You weren't actually selling people, you're just taking orders.
All of a sudden, I come in, and I'm just laying chivalrous, man.
I mean, we're just laying, we're just taking ordinance, okay, and taking names.
And our ratings blew through the roof in Afternoon Drive.
And we were doing like nine or ten shares overall.
And so the ratings were incredible.
But a lot of those, you know, big ad people did not want to buy ads in the show because they were all Team GOP establishment hacks.
And so we actually had to go hire younger salespeople who didn't have any of those previous relationships.
But all they cared was.
And they didn't even like agree with me.
They were like, we don't care, dude.
He's got a 10 share in the afternoon.
Do you want to buy a spot or not?
No, cool.
We're going to the next person.
The paradigm shift of my show forced us to totally change the way we even sold the radio show at that time.
And so I just think being someone who has been, you know, on the younger end of this from the beginning, as I've moved kind of up the ladder and God's opened a lot of doors, it's just I've been involved in a lot of paradigm shifts.
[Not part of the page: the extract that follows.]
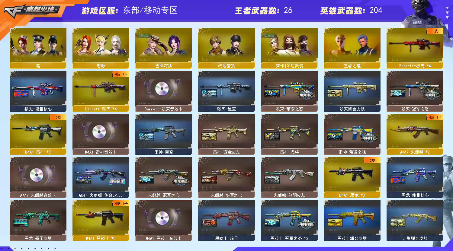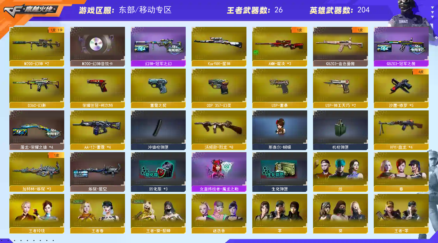 移动专区 vip5 206v 【王者幻神】 【m200幻神+音效卡+冠军之幻】 【98k星神】 【白虎之魄】 【hk417朱雀】 【qbz金色蔷薇+冠军之薇】 【冠军之刃】 【雷霆套】 【雷暴套】 【网剧冠军套】 【荣耀世冠套】 【小人呛 雷神刀锋 火麒麟绝迹 cop白鲨 黄金猫猫手套白鲨 猫猫手套】 【g36c幻影】 【火麒麟+音效卡+传奇even+冠军之心】 【黑龙】 【雷神+音效卡+白鲨14冠军+荣耀之魄】 【黑骑士+音效卡+冠军之势】 【毁灭+音效卡+冠军之怒+荣耀之怒】 【极光】 【裁决】 【盘龙*4 炼狱*3 烈龙*6】 【王者之心 王者之魄 王者之势 王者之幻 王者之啸 王者之击 王者之刺】 【无影 死神 黑武士 天启 机械迷城 黑鲨 龙血 黑武士锦绣游龙 玫瑰精灵 烈火 猩红传说 战士 战神】 【修罗 屠龙 龙啸 麒麟刺】 【四防角色 王者春 王者葵貂蝉 】 【角色 春 葵 零 迷迭香 王者零 王者玲珑 王者之瞳 新海豹突击队 樱 炫 魅影】 【edg炫彩背包 estar炫彩背包 xrock炫彩背包 炫彩背包 ag炫彩背包 bs炫彩背包】;USP-雷暴,荣耀世冠-柯尔特,Knife-冠军之刃,RPK-盘龙,QBZ03-金色蔷薇,G36C-幻影,M200-幻神,

And now I feel like the paradigm has almost caught up to me.
And so now I don't feel I'm nearly as often radicalizing my audience or wondering if I overly, if I've pushed them beyond what I think they're capable of.
I think they've almost caught up now, certainly the events of the other night.
Mar-a-Lago didn't hurt with that effort whatsoever.
The events of the last 28 months of what I call COVID stand has helped with that.
And so I think the audience now has just about caught up.
And along the way, you know, I'm an activist.
I've specifically used my show to win elections from school board to president.
I was a strategist for the Ted Cruz for president campaign.
I've worked on campaigns.
I've done professional polling.
So I've done the nuts and bolts of politics that a lot of guys in our business have not done.